======== INFORMATION SUPPLIED ========

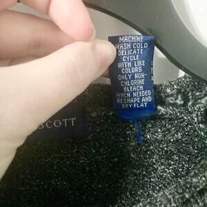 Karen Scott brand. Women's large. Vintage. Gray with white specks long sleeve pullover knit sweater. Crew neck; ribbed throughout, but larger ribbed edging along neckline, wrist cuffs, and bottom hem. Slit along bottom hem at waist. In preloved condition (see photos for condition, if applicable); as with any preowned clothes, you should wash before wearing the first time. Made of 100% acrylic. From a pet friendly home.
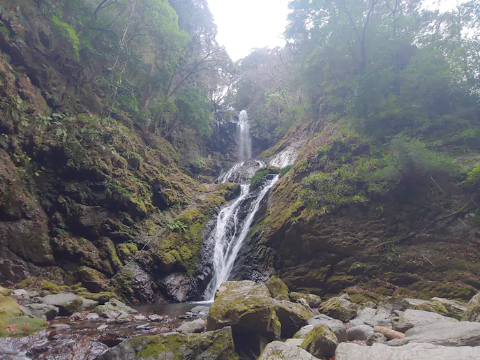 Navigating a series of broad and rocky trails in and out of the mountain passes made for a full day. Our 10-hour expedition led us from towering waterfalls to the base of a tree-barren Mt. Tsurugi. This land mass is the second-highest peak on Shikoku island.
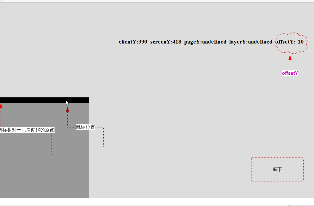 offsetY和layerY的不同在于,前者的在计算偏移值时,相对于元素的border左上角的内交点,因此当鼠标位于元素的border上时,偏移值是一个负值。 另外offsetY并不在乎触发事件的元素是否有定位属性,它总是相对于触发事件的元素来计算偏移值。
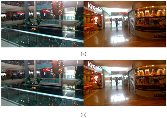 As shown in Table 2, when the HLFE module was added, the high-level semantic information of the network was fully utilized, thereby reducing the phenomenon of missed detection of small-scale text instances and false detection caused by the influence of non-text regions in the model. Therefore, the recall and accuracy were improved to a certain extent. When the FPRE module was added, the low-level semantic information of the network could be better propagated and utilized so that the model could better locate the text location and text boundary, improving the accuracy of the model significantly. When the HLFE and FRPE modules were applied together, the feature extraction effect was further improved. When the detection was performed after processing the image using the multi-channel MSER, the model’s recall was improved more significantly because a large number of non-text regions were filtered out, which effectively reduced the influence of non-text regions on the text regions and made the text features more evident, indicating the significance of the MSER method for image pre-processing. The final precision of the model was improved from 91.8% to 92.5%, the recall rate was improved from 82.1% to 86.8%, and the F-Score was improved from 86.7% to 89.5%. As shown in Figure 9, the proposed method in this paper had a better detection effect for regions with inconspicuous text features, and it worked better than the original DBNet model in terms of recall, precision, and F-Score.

========

ABOUT THIS EXERCISE:
Please reprint the whole listing exactly and omit its pictures.

SOLUTION FOR THIS EXERCISE:
 Karen Scott brand. Women's large. Vintage. Gray with white specks long sleeve pullover knit sweater. Crew neck; ribbed throughout, but larger ribbed edging along neckline, wrist cuffs, and bottom hem. Slit along bottom hem at waist. In preloved condition (see photos for condition, if applicable); as with any preowned clothes, you should wash before wearing the first time. Made of 100% acrylic. From a pet friendly home.
 Navigating a series of broad and rocky trails in and out of the mountain passes made for a full day. Our 10-hour expedition led us from towering waterfalls to the base of a tree-barren Mt. Tsurugi. This land mass is the second-highest peak on Shikoku island.
 offsetY和layerY的不同在于,前者的在计算偏移值时,相对于元素的border左上角的内交点,因此当鼠标位于元素的border上时,偏移值是一个负值。 另外offsetY并不在乎触发事件的元素是否有定位属性,它总是相对于触发事件的元素来计算偏移值。
 As shown in Table 2, when the HLFE module was added, the high-level semantic information of the network was fully utilized, thereby reducing the phenomenon of missed detection of small-scale text instances and false detection caused by the influence of non-text regions in the model. Therefore, the recall and accuracy were improved to a certain extent. When the FPRE module was added, the low-level semantic information of the network could be better propagated and utilized so that the model could better locate the text location and text boundary, improving the accuracy of the model significantly. When the HLFE and FRPE modules were applied together, the feature extraction effect was further improved. When the detection was performed after processing the image using the multi-channel MSER, the model’s recall was improved more significantly because a large number of non-text regions were filtered out, which effectively reduced the influence of non-text regions on the text regions and made the text features more evident, indicating the significance of the MSER method for image pre-processing. The final precision of the model was improved from 91.8% to 92.5%, the recall rate was improved from 82.1% to 86.8%, and the F-Score was improved from 86.7% to 89.5%. As shown in Figure 9, the proposed method in this paper had a better detection effect for regions with inconspicuous text features, and it worked better than the original DBNet model in terms of recall, precision, and F-Score.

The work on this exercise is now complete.